Data for review:
□ □ □ □

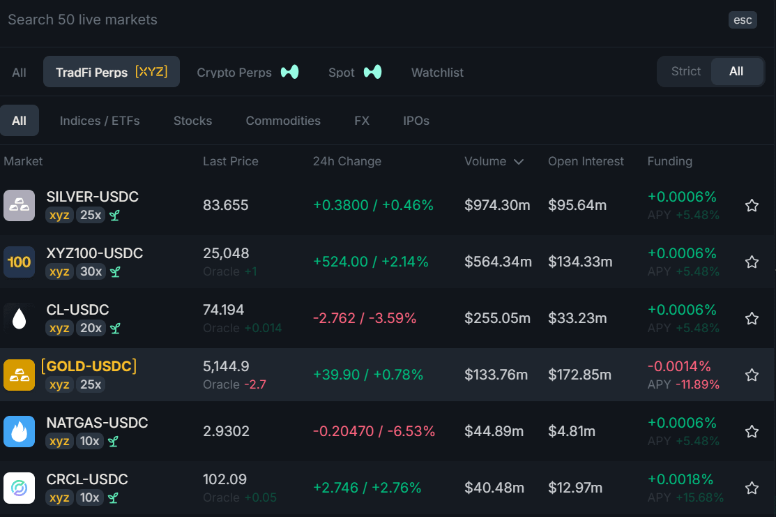 trade.xyz是去中心化永续合约交易平台(贵金属、原油、指数等),基于 Hyperliquid 链,使用 HIP-3 框架,支持 24/7 高杠杆交易。在上周巴以冲突的时候,全球交易者疯狂投入到trade.xyz\hype\bn等虚拟货币交易场所,开展针对黄金、白银、原油等标的的交易。
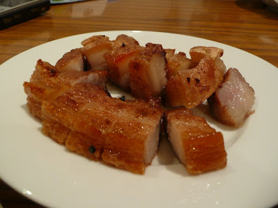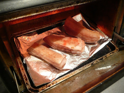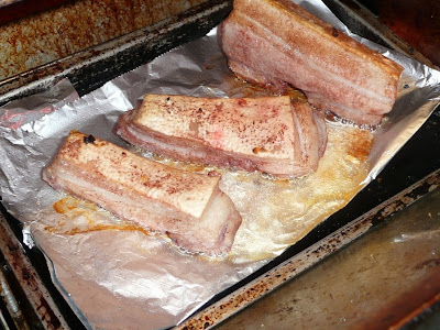 Take a couple of strips of pork belly with skin, and marinate rub with salt. Rub the meaty bit with 5 Chinese 5 spice.
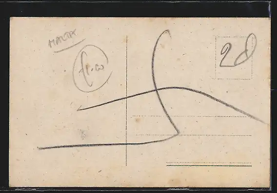 Personenbezogene Daten auf der Rückseite der Karte wurden durch blauen Textmarker unkenntlich gemacht. Die blauen Stellen sind auf die Vorderseite durchgeweicht und wirken sich negativ auf das Postkartenfoto aus
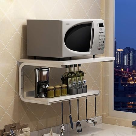 Eoocvt foldable stretch shelf rack wall mount kitchen microwave oven stand bracket.
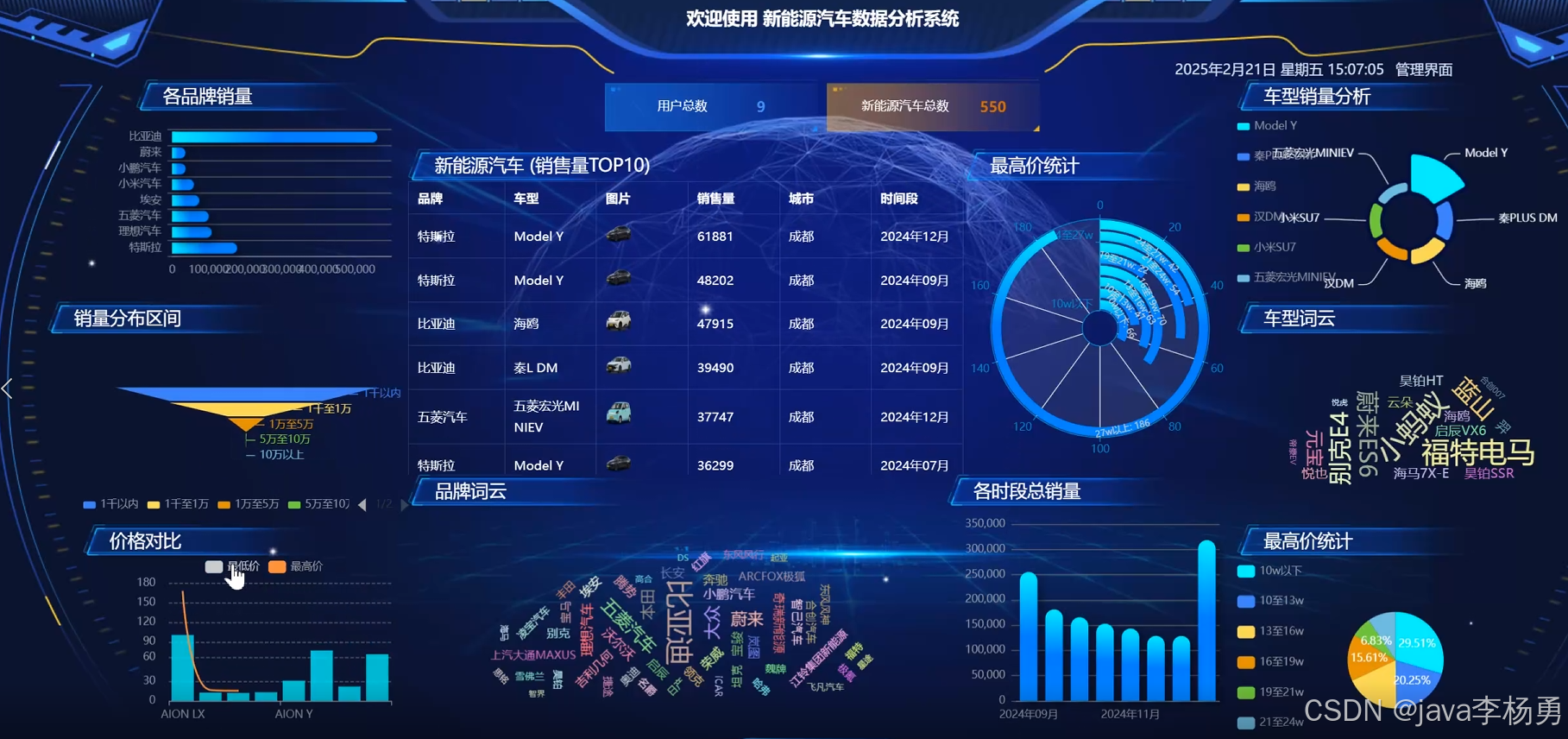 近年来,全球新能源汽车产业呈现出爆发式增长的态势,大量的新能源汽车相关数据不断涌现,如何对这些数据进行高效的分析与管理,已成为行业发展面临的关键问题。本毕业设计借助 Django 框架强大的功能特性,结合 MySQL 数据库卓越的结构化数据存储和管理能力,成功开发出一套功能完备的新能源汽车数据分析系统。

□ □ □ □

Exercise prompt: All lines from the beginning of the entries above to the line containing "Eoocvt foldable stretch", inclusive, should be printed exactly, apart from the pictures.

Response to the exercise:
 trade.xyz是去中心化永续合约交易平台(贵金属、原油、指数等),基于 Hyperliquid 链,使用 HIP-3 框架,支持 24/7 高杠杆交易。在上周巴以冲突的时候,全球交易者疯狂投入到trade.xyz\hype\bn等虚拟货币交易场所,开展针对黄金、白银、原油等标的的交易。
 Take a couple of strips of pork belly with skin, and marinate rub with salt. Rub the meaty bit with 5 Chinese 5 spice.
 Personenbezogene Daten auf der Rückseite der Karte wurden durch blauen Textmarker unkenntlich gemacht. Die blauen Stellen sind auf die Vorderseite durchgeweicht und wirken sich negativ auf das Postkartenfoto aus
 Eoocvt foldable stretch shelf rack wall mount kitchen microwave oven stand bracket.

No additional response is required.